Wien. 39 Grad Fieber, bis zu münzgroße Bläschen am ganzen Körper, Juckreiz, der den Partner um vier Uhr morgens den Weg in die Apotheke antreten lässt. Unangenehme Umstände, die den Feuchtblattern, Windpocken oder auch Varizellen genannt, zuzuschreiben sind.

Treten Kinderkrankheiten wie diese bei Erwachsenen auf, ernten sie häufig Gelächter. Denn alleine die Vorstellung, dass eine 36-Jährige mit Windpocken das Bett hütet, entlockt so manchem zumindest ein Schmunzeln.
Doch hochansteckende Infektionskrankheiten wie Masern, Mumps und Co. verlaufen bei Erwachsenen oft nicht so unkompliziert wie bei Kindern. Die Erkrankung ist mit mehr Strapazen für den Körper verbunden und die Genesung dauert wesentlich länger.

!Die Klassiker

"Die klassischen Kinderkrankheiten sind einerseits bakterielle Infektionen wie Keuchhusten, Diphtherie und Scharlach, oder virale wie Mumps, Masern, Windpocken oder Polyomyelithis (Kinderlähmung). Sie können, wenn man als Kind daran weder erkrankt ist noch geimpft wurde, im Erwachsenenalter auftreten", sagt der Präsident der Österreichischen Gesellschaft für Infektionskrankheiten, Florian Thalhammer, zur "Wiener Zeitung". Jedoch kann es auch trotz Impfung zu einer Erkrankung kommen. Die Ursachen dafür sind fehlende Auffrischungsimpfungen, Alterung des Immunsystems (Immunseneszenz) oder anfangs nicht so wirksame Impfstoffe wie heute (etwa bei Masern), betont der Mediziner.
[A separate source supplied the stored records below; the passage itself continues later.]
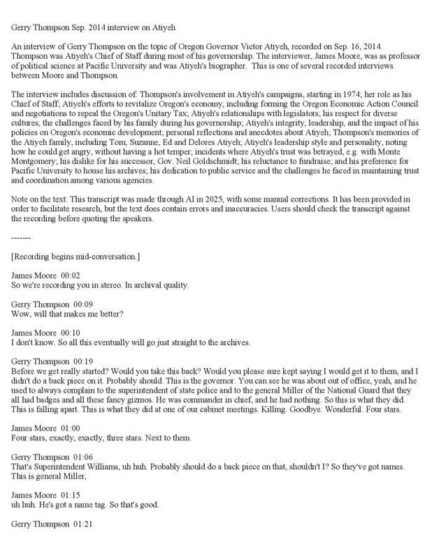 An interview of Gerry Thompson on the topic of Oregon Governor Victor Atiyeh, recorded on Sep. 16, 2014. Thompson was Atiyeh's Chief of Staff during most of his governorship. The interviewer, James Moore, was as professor of political science at Pacific University and was Atiyeh's biographer. This is one of several recorded interviews between Moore and Thompson.
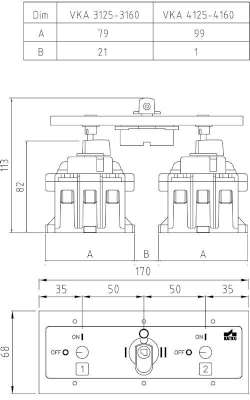 Change-over switch for VKA 125-160 A, Positions 1, 0, 2 with supporting steel
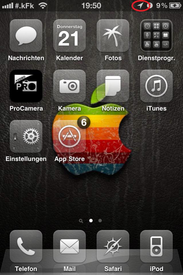 Nun wird dieses Symbol in der Statusleiste allerdings immer angezeigt, auch wenn gar keine app auf den Standort zugreift.
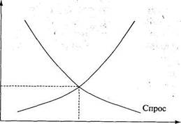 В точке пересечения кривых спроса и предложения возникает рыночное равновесие — мечта всех субъектов товарного хозяйства. При равновесной цене объем предложения равен объему спроса. Нет ни дефицитов с очередями, ни затоваренных складов с портящимися и гниющими изделиями рук человеческих. Любое отклонение цен от точки равновесия тут же вызывает к жизни стихийные силы рынка, восстанавливающие равновесие. Если цена выше точки равновесия, то предложение начинает превышать спрос, продавцы снижают цену. Если же цена оказывается ниже точки равновесия, то спрос будет превышать предложение, возникнут дефициты и очереди и сами покупатели начнут повышать цены. И в том и другом случае цена возвратится в состояние равновесия.
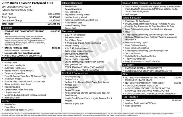 Elevate your commute with the impressive array of features that come standard on the Envision Preferred:

Vor allem Masern nehmen oft problematische Verläufe an. Neben einer Mittelohr- oder Lungenentzündung kann es auch zu einer Gehirnentzündung oder gar zu einer sogenannten subakuten sklerosierenden Panenzephalitis (SSPE) kommen, bei der alle Erkrankten innerhalb von maximal drei Jahren sterben. SSPE ist eine Spätkomplikation einer Maserninfektion, die eine generalisierte Entzündung des Gehirns nach sich zieht und bis zu zehn Jahre nach der Erkrankung auftreten kann. Dies passiert auch in Europa, deshalb hat die WHO erst im April eine Ausbruchswarnung für Europa herausgegeben.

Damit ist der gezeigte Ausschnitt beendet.